This single‐surgeon series of high‐risk patients has provided insight into the use of LAR mesh, TIGR®, in emergency surgery patients with an onlay mesh placement technique. This study, while retrospective, is consecutive and reflects real‐world emergency surgery practices; while the number of patients studied is relatively small, they represent typical complex emergency general surgery patients. The patients, with two exceptions, had serious abdominal infections or ischaemia in the presence of major comorbidities. Fourteen out of 24 (58%) patients were ASA III with expected significant morbidity and mortality that varied depending on the scoring system used. Moreover, 10/24 (41.6%) patients had contaminated wounds (n = 3) and infected wounds (n = 7), and one‐third of the patients were obese. Based on the cohort in this study, the risk of abdominal wall complications should approach 30%, wound dehiscence 10% and subsequent IH rates of 30% at 5 years. , The extra time and expense required for the use of PMP in these patients must be justified and one could argue that, in the five patients who died, unless a burst abdomen was prevented, the prophylactic mesh constituted overtreatment.
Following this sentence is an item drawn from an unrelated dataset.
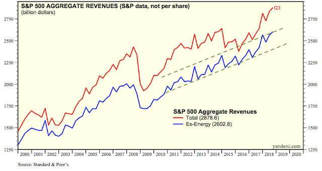 Excluding the volatile energy sector, sales for the remainder of the S&P have continued to trend higher at about the same rate over the past 8 years, with some acceleration in the past 2 years (blue line; from Yardeni).
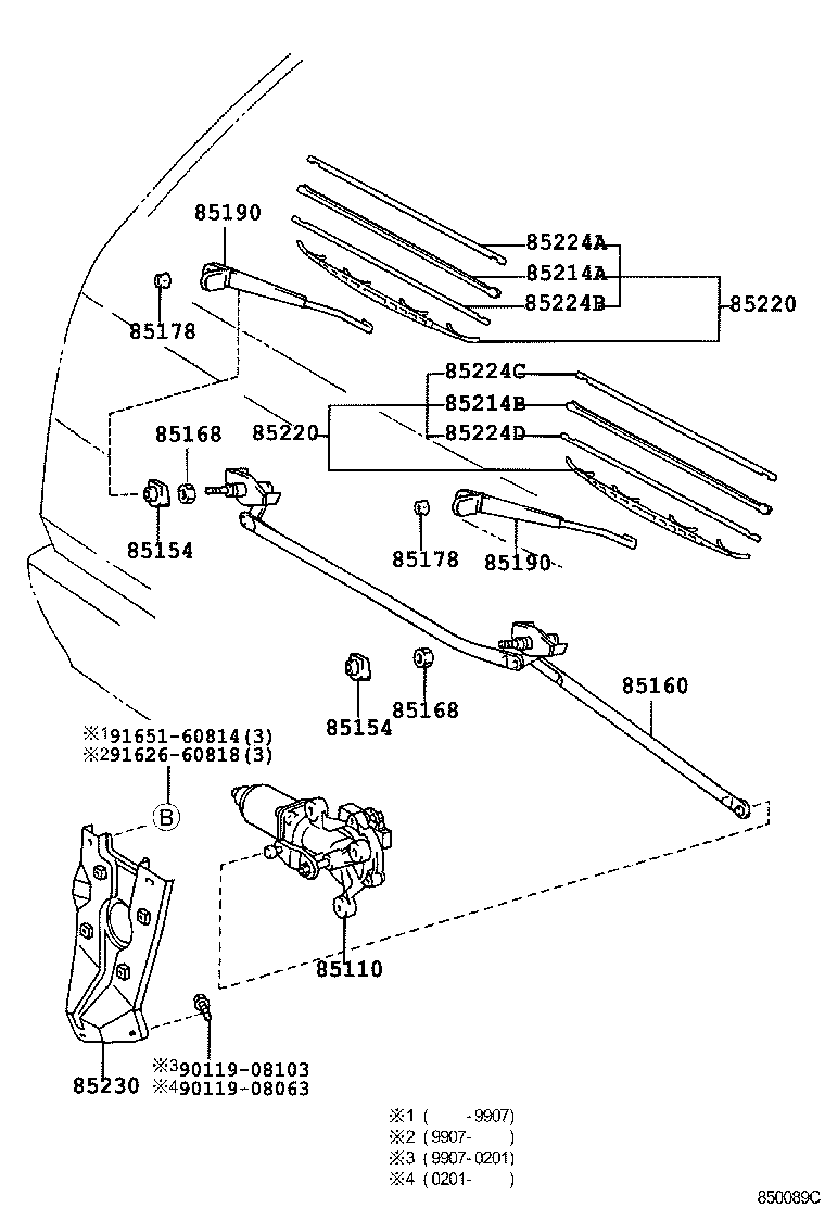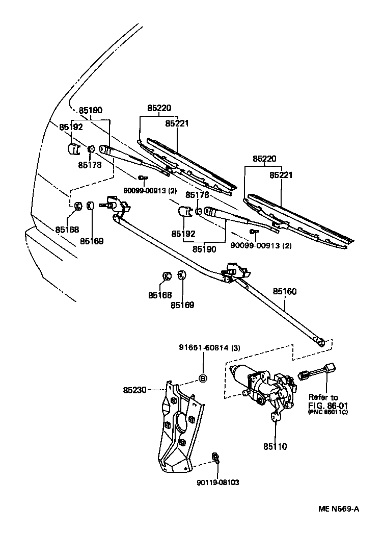 РЕГІОН: Європа > Автомобіль: HIACE VAN,COMMUTER 198908 200602 A2 > Модель: LH112R-RBMRS > Група: ЕЛЕКТРИКА (4) > Підгрупа: Склоочисник передній (8501)

Eighteen (75%) patients in this series had gastrointestinal‐related large and small bowel perforations. Five (20.8%) patients underwent resections with primary anastomosis, and the use of open abdomen only occurred in four patients. Given the potential for the P‐POSSUM to overestimate mortality, we used the NELA score, which, depending on the patient cohort, ranges from 0.2% to 46.9%. The actual mortality for the current series was 20.8% greater than the NELA and P‐POSSUM predicted mortality median rates of 4.2% and 7.1%, respectively. Due to the heterogenicity of patients, mortality comparison with other emergency laparotomy series who report a mortality rate of 9.5%–18.4% is difficult. The mesh did not contribute to the mortality rate in our study. The seroma rate of 4% was less than reported in some studies and may reflect the combined use of dead space subcutaneous closure and incisional NPWTs. The use of quilting and a comprehensive wound bundle with careful tissue handling, we believe, accounts for the low rate in our series. It is now recommended that in all colorectal surgery that a wound bundle with appropriate antibiotic be used to reduce risk of infection.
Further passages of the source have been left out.